### What is being asked:
The result should be the lines from the one holding "January Jaunt awards" to the end of the records below, repeated exactly. No pictures.

(Excerpts from a dataset)
......

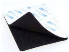
3M Velcro (default)
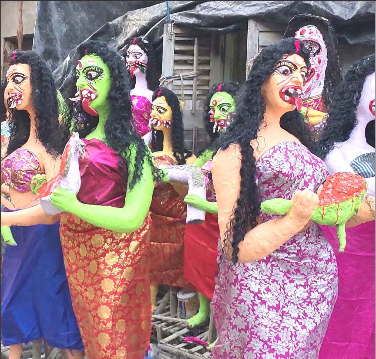
Unsold demon figurines lay on roadside to be stored for use next year

India's rising trade deficit and continuing hot money outflow from the secondary market, courtesy foreign portfolio investors, are weakening RBI's forex reserves and INR's exchange value. While the government and RBI can do little to bring FPIs back in the midst of the global financial turmoil, it can certainly contain avoidable imports such as gold, precious metals, cheap electronics and other luxury products for consumption of the rich. It may be time to focus on the much neglected 'Make-in-India' initiative while expanding bilateral Rupee trade and currency swap to arrest the fall of INR and stabilise the economy. (IPA)
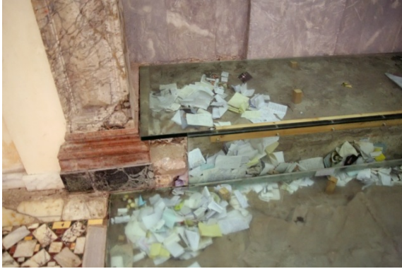
Written prayers and glass floor covering soil said to come from Jerusalem. Church of Santa Croce in Gerusalemme, Rome, Italy.

visitors, as Nagel argues, one where “the potential for time- and space-travel is actualized in the experience of users who assemble the elements creatively and thus, for a time, inhabit a space that is removed from their own environment, a space linked to Jerusalem through real conjunctures – the relics and the earth.” (p. 100-101)
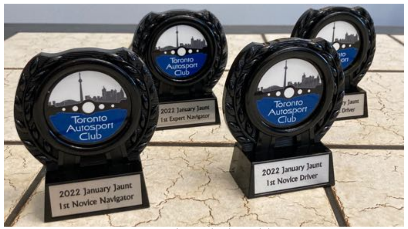
January Jaunt awards are ready to be awarded... to you?

Navigational rallying is back! January Jaunt Car Rally registration opened on the weekend, and it looks certain that the event will run on the revised date of March 26. Navigational rallies are friendly to beginners, experts, and everyone in between. If you try it and do well, there are awards!
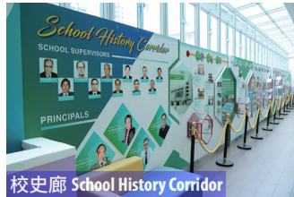
校史廊 School History Corridor
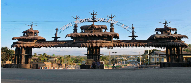
Construction Of Assam Hills Medical College & Research Institute, Diphu, Karbi Anglong.

......

### Result below:
January Jaunt awards are ready to be awarded... to you?

Navigational rallying is back! January Jaunt Car Rally registration opened on the weekend, and it looks certain that the event will run on the revised date of March 26. Navigational rallies are friendly to beginners, experts, and everyone in between. If you try it and do well, there are awards!
校史廊 School History Corridor
Construction Of Assam Hills Medical College & Research Institute, Diphu, Karbi Anglong.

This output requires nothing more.